◆ Task details
Make an exact copy, without pictures, of the lines below from the one containing "的 10.3%,即9.6万亿美元。与此同时,2019 年国际游客支出达到1.8万亿美元,占出口总额的6.8%。" to the last line, both ends included.

Top of Data section

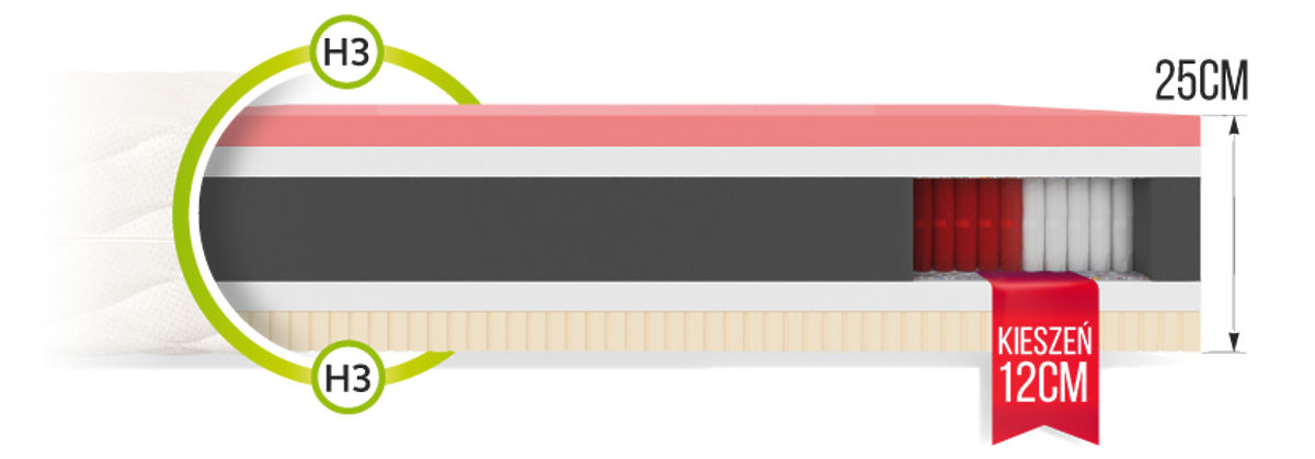 If you are looking for a comfortable two-sided mattress, COMFORT with a height of 25 cm is the right choice. The basis of this mattress with many layers is a multi-pocket insert, which has an increased number of pockets with springs . There are many more multi-pocket springs than regular pocket springs. The springs divide the mattress into 7 zones , each of which offers sufficient support for a given part of the body . Thanks to this solution, the individual springs bend individually and adapt to the body shape of the lying person. The mattress is also recommended for couples , as it reduces the discomfort resulting from the movements of the other person and thus ensures an uninterrupted deep sleep.
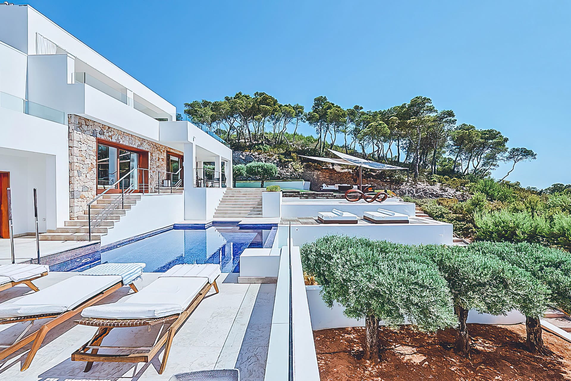 Villa Giugi is a magnificent and elegant 5-bedroom villa, perched high above the sea with breathtaking views overlooking the bay of Sol den Serra, one of the most recognized beauty sites on the island, with blue waters that sparkle and shine. This villa is in close proximity to the local facilities of the lively town of Cala Llonga and is only a short distance from the charming and magnificent beach club ‘Amante’.
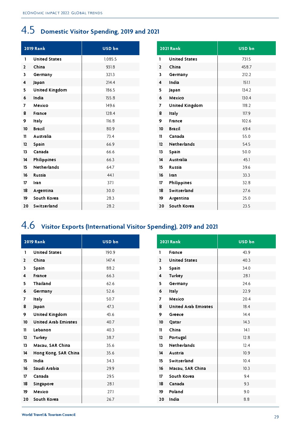 世界旅游理事会发布了“2022年旅游经济影响报告”。在大流行之前,旅游业是世界上最大的行业之一,占全球所有新增就业岗位的1/4,占所有就业岗位的 10.3%(3.33 亿个), 以及全球 GDP 的 10.3%,即9.6万亿美元。与此同时,2019 年国际游客支出达到1.8万亿美元,占出口总额的6.8%。
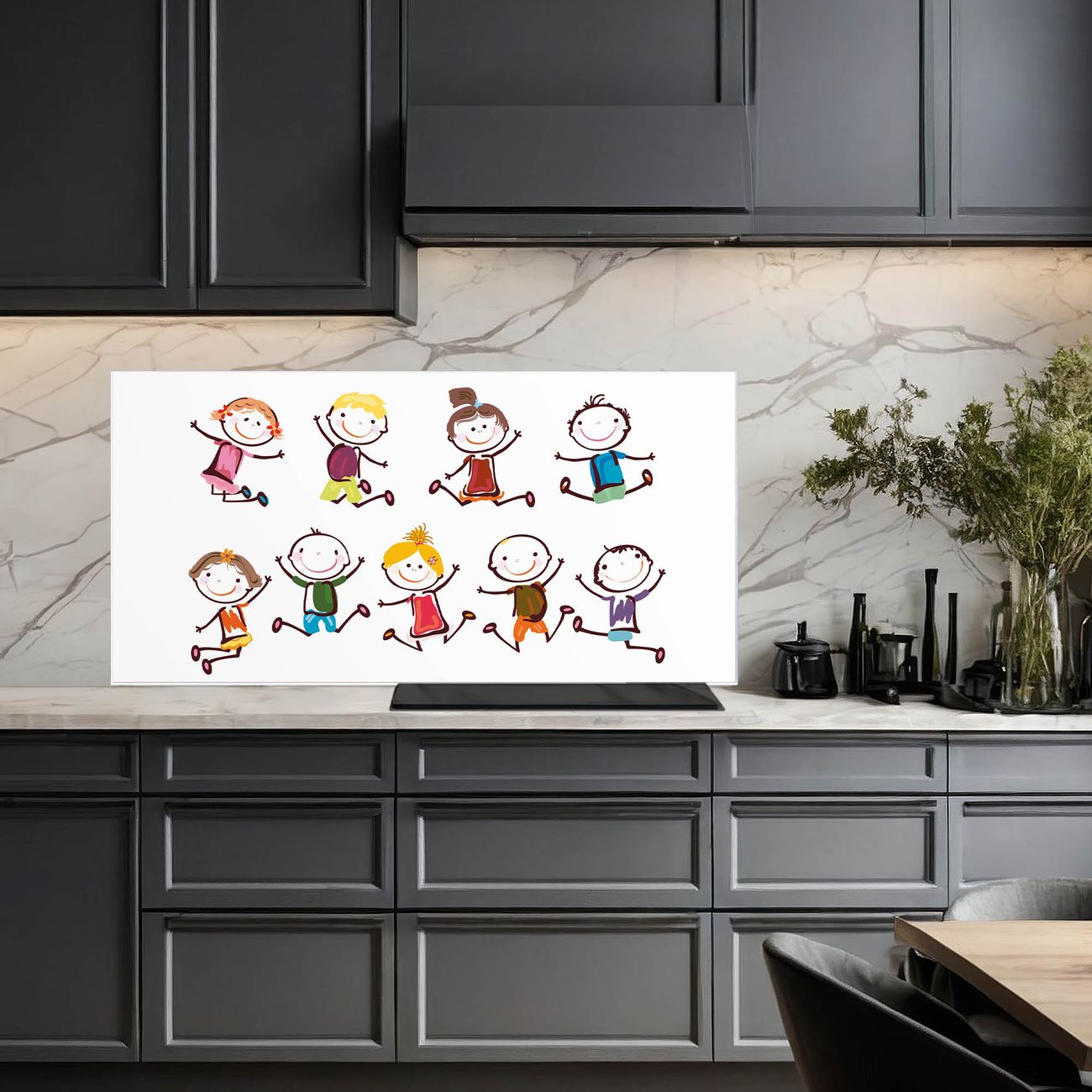 Die banjado Glas Küchenrückwand in verschiedenen Größen mit Motiv Happy Kids schützt Ihre Küchenfliesen vor Fettspritzern oder Wasserflecken. Der Spritzschutz ist gleichzeitig magnetisch und hält Ihre Rezepte oder Einkaufslisten. 4 Neodym-Magnete und 1 Kreidestift liegen bereits bei. Leuchtende Motive und hochwertiges Material machen den Spritzschutz zum Designobjekt. Das dekorative Glasbild gibt Ihrer Küche ein individuelles Erscheinungsbild. Abgerundete Kanten und Sicherheitsglas sorgen für einen sicheren Einsatz.

Bottom of Data section

◆ Exercise output
 世界旅游理事会发布了“2022年旅游经济影响报告”。在大流行之前,旅游业是世界上最大的行业之一,占全球所有新增就业岗位的1/4,占所有就业岗位的 10.3%(3.33 亿个), 以及全球 GDP 的 10.3%,即9.6万亿美元。与此同时,2019 年国际游客支出达到1.8万亿美元,占出口总额的6.8%。
 Die banjado Glas Küchenrückwand in verschiedenen Größen mit Motiv Happy Kids schützt Ihre Küchenfliesen vor Fettspritzern oder Wasserflecken. Der Spritzschutz ist gleichzeitig magnetisch und hält Ihre Rezepte oder Einkaufslisten. 4 Neodym-Magnete und 1 Kreidestift liegen bereits bei. Leuchtende Motive und hochwertiges Material machen den Spritzschutz zum Designobjekt. Das dekorative Glasbild gibt Ihrer Küche ein individuelles Erscheinungsbild. Abgerundete Kanten und Sicherheitsglas sorgen für einen sicheren Einsatz.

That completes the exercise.